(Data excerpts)
--- --- ---

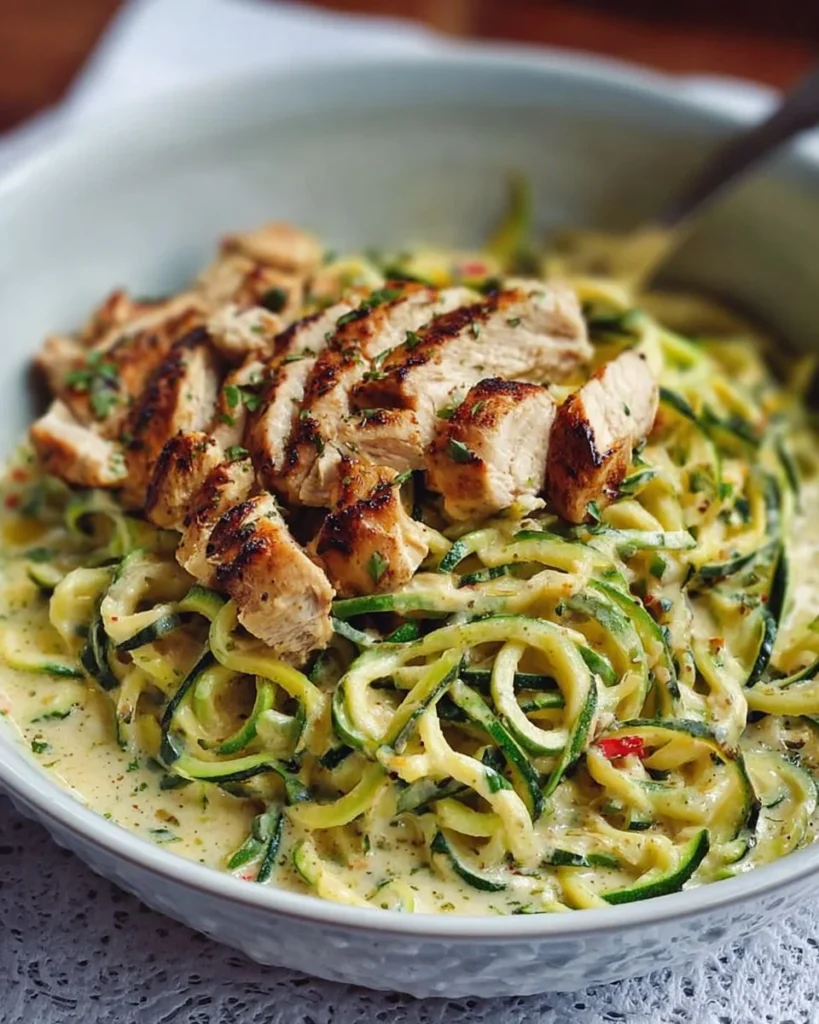 Une version légère et crémeuse du classique Poulet Alfredo, préparée avec des nouilles de courgette.
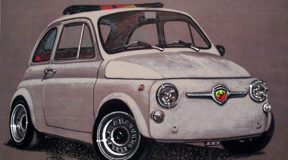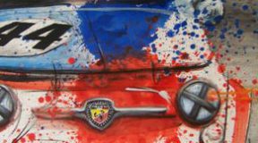 Abarth OT 1300: “L’auto nel suo dinamismo,sembra coinvolgere il suo trionfante creatore…” (Tempera su cartoncino – 50 x 50 cm)
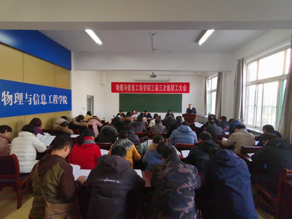 会上,张进军院长代表学院向大会作了题为《不忘初心接续奋斗谋发展 立德树人砥砺奋进谱新篇》的报告。他首先对黄色漫画 2019年工作进行了汇报总结。他指出,即将过去的2019年,是新中国成立70周年,也是黄色漫画 实现“十三五”规划各项任务落地生根的一年,更是黄色漫画 各项改革发展深化落实、成果丰硕的一年。一年来,黄色漫画 在校党委和校行政的正确领导下,在学校各职能部门的大力支持下,在院领导班子的高效带领下,在学院全体师生员工的凝心聚力下,全体“物信人”高举习近平新时代中国特色社会主义思想伟大旗帜,全面深入贯彻党的十九大、十九届四中全会精神,紧紧围绕立德树人根本任务,坚持以习近平总书记关于教育的重要论述为指引,始终坚守培养德智体美劳全面发展的社会主义建设者和接班人的育人使命;始终坚定为国家战略和社会经济发展服务的办学方向;始终坚持为山西基础教育服务的办学特色;始终奋斗在新时代一流学院建设的征程中。全力推动机制体制创新、扎实推进教育教学改革、大力保障教学科研并行、科学设置人才培养目标、全面培养学生矢志成才,各方面的工作都取得了长足的进步,收获了可喜的成绩,在黄色漫画 特色鲜明的高水平师范大学建设新征程中砥砺奋进,共同谱写了新时代物信学院改革建设发展的崭新篇章。他着重从学科管理、班子建设、本科教学审核评估整改工作、学术交流、科研成果、人才引进、人才培养、群体活动等方面用一串串详实的数据总结了黄色漫画 一年来取得的进步以及实质性发展:学院管理更加科学规范、班子建设更加坚强有力,工作作风更加严谨务实、团结协作更加优质高效;围绕人才培养的“五个度”和“二十字”评估方针,完成了本科教学审核评估整改工作;科研氛围愈加浓郁、学术交流频繁活跃,学科建设稳步推进、科研成果产出丰硕;人才引进力度加大、引育并举效果显著,师资队伍更加充实、人才梯队更加合理;教育管理实现优化、服务能力逐渐提高,人才培养再结硕果、立德树人再谱新篇;师生员工凝心聚力、精彩绽放物信精神,群体活动勇创辉煌、精神文明全面丰收。最后,张院长从教学改革力度、科学研究水平、学科团队建设、专业建设能力、人才培养质量、人才引育进度、工作成效评价等角度出发提出过去一年存在的困难和问题。他指出,2020年黄色漫画 工作的指导思想是继续高举习近平新时代中国特色社会主义思想的伟大旗帜,全面深入贯彻落实党的十九大精神和十九届四中全会精神,在习近平总书记关于教育的重要论述指引下,以立德树人为根本任务、以本科教学为中心、以博士点建设为引领,狠抓创新、强化特色、打造知名、争创一流,继续推动新时代一流学院建设再上新台阶!此外,他还对2020年工作进行进一步展望。继续坚持立德树人,强化思想引领,全面提高人才培养质量;继续深入推进“平行授课机制”,加大课堂教学改革多维度,提升本科教学质量;继续加大高层次人才引育力度,加强教师职业培养,推动师资队伍建设新发展;继续加强学科建设,以博士点建设为突破口,实现学院发展迈上新台阶。
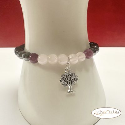 Ásványkő Karkötől Obsidian, Hematit és Rózsakvarc - életfa
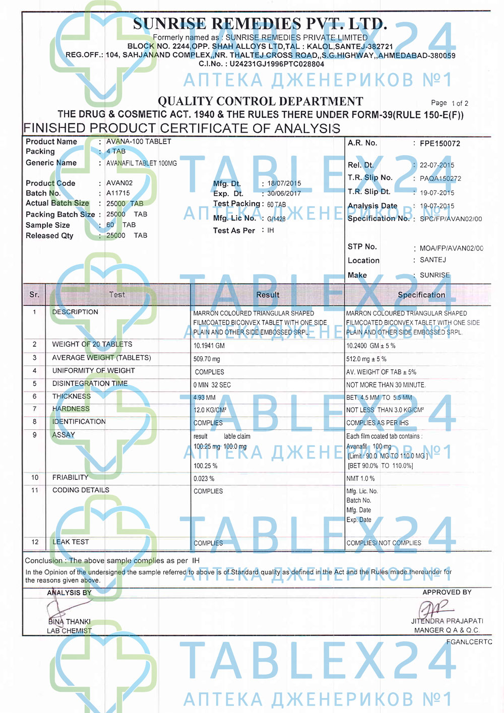 Таблетки Авана 100 отличает ряд преимуществ, выделяющих их среди других аналогов:

--- --- ---

Work item -> Only the pictures stay out; the rest of the entries above must be written out exactly.

Answer below ->
 Une version légère et crémeuse du classique Poulet Alfredo, préparée avec des nouilles de courgette.
 Abarth OT 1300: “L’auto nel suo dinamismo,sembra coinvolgere il suo trionfante creatore…” (Tempera su cartoncino – 50 x 50 cm)
 会上,张进军院长代表学院向大会作了题为《不忘初心接续奋斗谋发展 立德树人砥砺奋进谱新篇》的报告。他首先对黄色漫画 2019年工作进行了汇报总结。他指出,即将过去的2019年,是新中国成立70周年,也是黄色漫画 实现“十三五”规划各项任务落地生根的一年,更是黄色漫画 各项改革发展深化落实、成果丰硕的一年。一年来,黄色漫画 在校党委和校行政的正确领导下,在学校各职能部门的大力支持下,在院领导班子的高效带领下,在学院全体师生员工的凝心聚力下,全体“物信人”高举习近平新时代中国特色社会主义思想伟大旗帜,全面深入贯彻党的十九大、十九届四中全会精神,紧紧围绕立德树人根本任务,坚持以习近平总书记关于教育的重要论述为指引,始终坚守培养德智体美劳全面发展的社会主义建设者和接班人的育人使命;始终坚定为国家战略和社会经济发展服务的办学方向;始终坚持为山西基础教育服务的办学特色;始终奋斗在新时代一流学院建设的征程中。全力推动机制体制创新、扎实推进教育教学改革、大力保障教学科研并行、科学设置人才培养目标、全面培养学生矢志成才,各方面的工作都取得了长足的进步,收获了可喜的成绩,在黄色漫画 特色鲜明的高水平师范大学建设新征程中砥砺奋进,共同谱写了新时代物信学院改革建设发展的崭新篇章。他着重从学科管理、班子建设、本科教学审核评估整改工作、学术交流、科研成果、人才引进、人才培养、群体活动等方面用一串串详实的数据总结了黄色漫画 一年来取得的进步以及实质性发展:学院管理更加科学规范、班子建设更加坚强有力,工作作风更加严谨务实、团结协作更加优质高效;围绕人才培养的“五个度”和“二十字”评估方针,完成了本科教学审核评估整改工作;科研氛围愈加浓郁、学术交流频繁活跃,学科建设稳步推进、科研成果产出丰硕;人才引进力度加大、引育并举效果显著,师资队伍更加充实、人才梯队更加合理;教育管理实现优化、服务能力逐渐提高,人才培养再结硕果、立德树人再谱新篇;师生员工凝心聚力、精彩绽放物信精神,群体活动勇创辉煌、精神文明全面丰收。最后,张院长从教学改革力度、科学研究水平、学科团队建设、专业建设能力、人才培养质量、人才引育进度、工作成效评价等角度出发提出过去一年存在的困难和问题。他指出,2020年黄色漫画 工作的指导思想是继续高举习近平新时代中国特色社会主义思想的伟大旗帜,全面深入贯彻落实党的十九大精神和十九届四中全会精神,在习近平总书记关于教育的重要论述指引下,以立德树人为根本任务、以本科教学为中心、以博士点建设为引领,狠抓创新、强化特色、打造知名、争创一流,继续推动新时代一流学院建设再上新台阶!此外,他还对2020年工作进行进一步展望。继续坚持立德树人,强化思想引领,全面提高人才培养质量;继续深入推进“平行授课机制”,加大课堂教学改革多维度,提升本科教学质量;继续加大高层次人才引育力度,加强教师职业培养,推动师资队伍建设新发展;继续加强学科建设,以博士点建设为突破口,实现学院发展迈上新台阶。
 Ásványkő Karkötől Obsidian, Hematit és Rózsakvarc - életfa
 Таблетки Авана 100 отличает ряд преимуществ, выделяющих их среди других аналогов:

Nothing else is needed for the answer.